Cahyo menilai, pendekatan bahwa identitas etnis dan agama sebagai sumber utama konflik perlu direkonstruksi kembali.

Sentimen primordial tidak secara langsung mendorong tindakan intoleran dan atau kekerasan.

Meski demikian, kata dia, sentimen tersebut dapat digerakkan oleh ekosistem konflik untuk mendorong tindakan intoleran dan kekerasan.

Baca juga: Hutan Tanaman Industri Harus Patuhi 3 Pilar Pelestarian

Oleh karena itu, dia menekankan, pendekatan dalam kajian konflik perlu memusatkan perhatiannya pada ekosistem konflik.
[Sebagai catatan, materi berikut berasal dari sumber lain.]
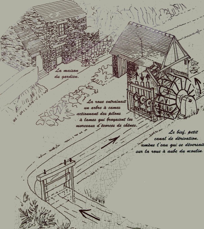 Le Moulin à Tan Celui de Rouvrou, construit en 1820, appartenait à une tannerie. Il broyait l'écorce des jeunes chênes, qui une fois réduite en poudre, servait au tannage des peaux. Les peaux étaient séchés dans un bâtiment aéré aujourd'hui disparu. L'écorce des jeunes chênes de 20 ans est très riche en acide tannique. En la broyant, on obtient le tan, véritable astringent que l'on emploie pour resserrer les peaux et les rendre imputrescibles. A partir des années 1910, les produits chimiques (chrome) le remplaceront. La première étape, l'écharnage, consistait à ramollir les peaux et à les débarasser de leurs poils dans un premier bain de tan usagé. Puis, elles macéraient environ 18 mois dans des cuves contenant de la soupe de tan (mélange d'eau douce et de tan neuf). Les cuirs étaient ensuite battus, séchés et brossés, avant d'être travaillés à Rouvrou pour la confection des harnais.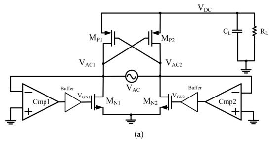As shown in Figure 3, VAC1 and VAC2 are the input of rectifiers from the receiver coupling inductor VAC. Following the change of VAC1 and VAC2, the four power MOS (MN1, MN2, MP1 and MP2) are controlled. When voltage VAC1 is larger than voltage VAC2, the comparator Cmp2 will generate a high signal to turn on MN2, and the current passes through MP1 to charge the output capacitance CL. During another half cycle, voltage VAC2 is larger than VAC1, the MN2 and MP1 will turn off and the MN1 and MP2 will turn on to continue charging the rectifier output. However, as the comparators’ output passes through the buffer to turn on the power NMOS transistors (MN1, MN2), the buffer will generate a delay time to turn on/off MN1 and MN2. The turn-on delay time to the charge output is less than is required. The turn-off delay time leads to a reverse current problem. These delay problems may waste the power of the rectifier.

“Termasuk relasi dominasi dalam sistem politik, ekonomi, dan sosial yang mengakibatkan deprivasi relatif. Penggunaan identitas dalam politik dapat menjadi sumber utama konflik dan intoleransi,” ujar Cahyo.

“Namun, dengan memusatkan perhatian pada ekosistem konflik, maka konflik komunal dapat diselesaikan melalui pendekatan rekonsiliasi kultural,” jelas lelaki yang lahir pada 11 September 1975 ini.

Cahyo mencontohkan dalam kasus konflik interagama (dalam agama yang sama), rekonsiliasi kultural terjadi melalui program inklusi sosial.

Proses ini melibatkan pihak yang berkonflik untuk berinteraksi dengan masyarakat sekitarnya.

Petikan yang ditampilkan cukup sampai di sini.